→ **WHAT YOU SHOULD DO**
The whole listing, exactly as given: write it out, leaving out each image.

→ **DATA SEGMENT**
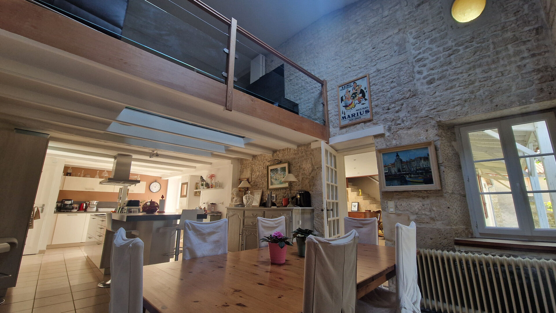 Secteur la Crèche, charmante maison ancienne rénovée d'environ 123 m², offrant au rez de chaussée: une entrée sur séjour/cuisine équipée, un salon, une suite parentale équipée d'un dressing, d'une salle d'eau privative avec accès patio, un...
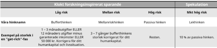 Fyra-hinkar modeller råder till att man har åtminstone 3 årslöner i en 60/40 portfölj. Vill man så kan såklart förenkla det genom att sätta 1.25x årslön på sparkonto och resten i 90/10 eller 100/0 portfölj.
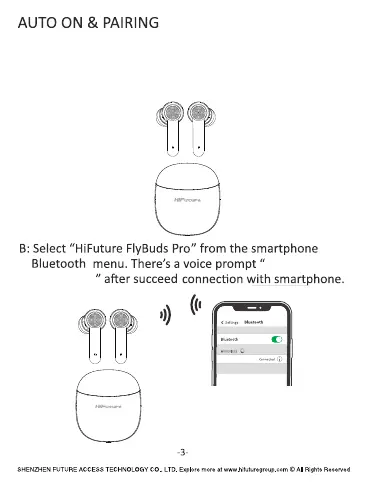 HiFuture Flybuds Pro - AUTO ON & PAIRING; Initial Setup; Bluetooth Connection
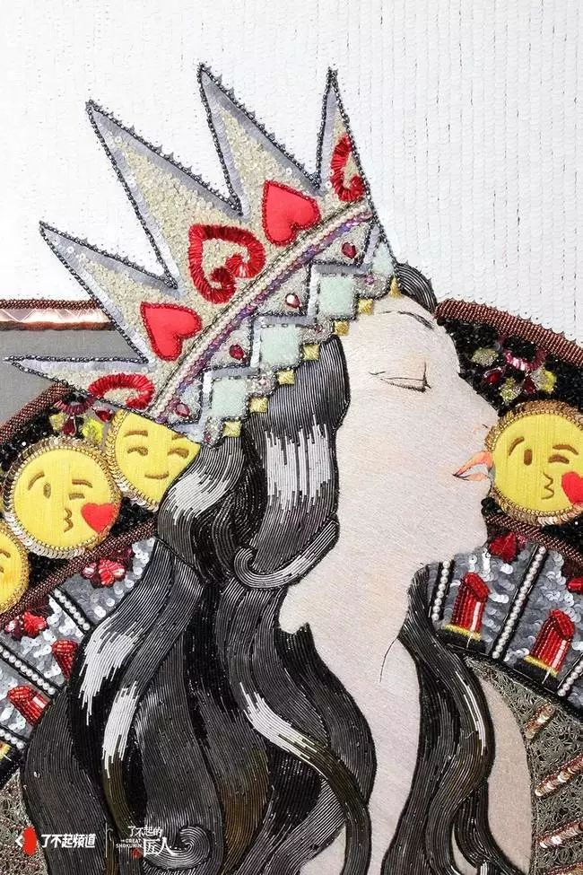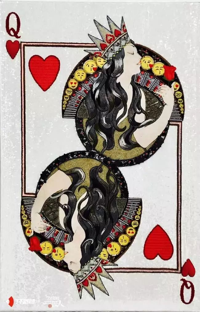 这是一幅由16人团队足足花了七八个月的时间,用了二十多种材料绣制而成的作品。《the queen》绣制的是一张正反面图案不一样的双面扑克牌Q,这使得它可以被悬空吊挂作360度的欣赏。

→ **EXERCISE RESULT**
 Secteur la Crèche, charmante maison ancienne rénovée d'environ 123 m², offrant au rez de chaussée: une entrée sur séjour/cuisine équipée, un salon, une suite parentale équipée d'un dressing, d'une salle d'eau privative avec accès patio, un...
 Fyra-hinkar modeller råder till att man har åtminstone 3 årslöner i en 60/40 portfölj. Vill man så kan såklart förenkla det genom att sätta 1.25x årslön på sparkonto och resten i 90/10 eller 100/0 portfölj.
 HiFuture Flybuds Pro - AUTO ON & PAIRING; Initial Setup; Bluetooth Connection
 这是一幅由16人团队足足花了七八个月的时间,用了二十多种材料绣制而成的作品。《the queen》绣制的是一张正反面图案不一样的双面扑克牌Q,这使得它可以被悬空吊挂作360度的欣赏。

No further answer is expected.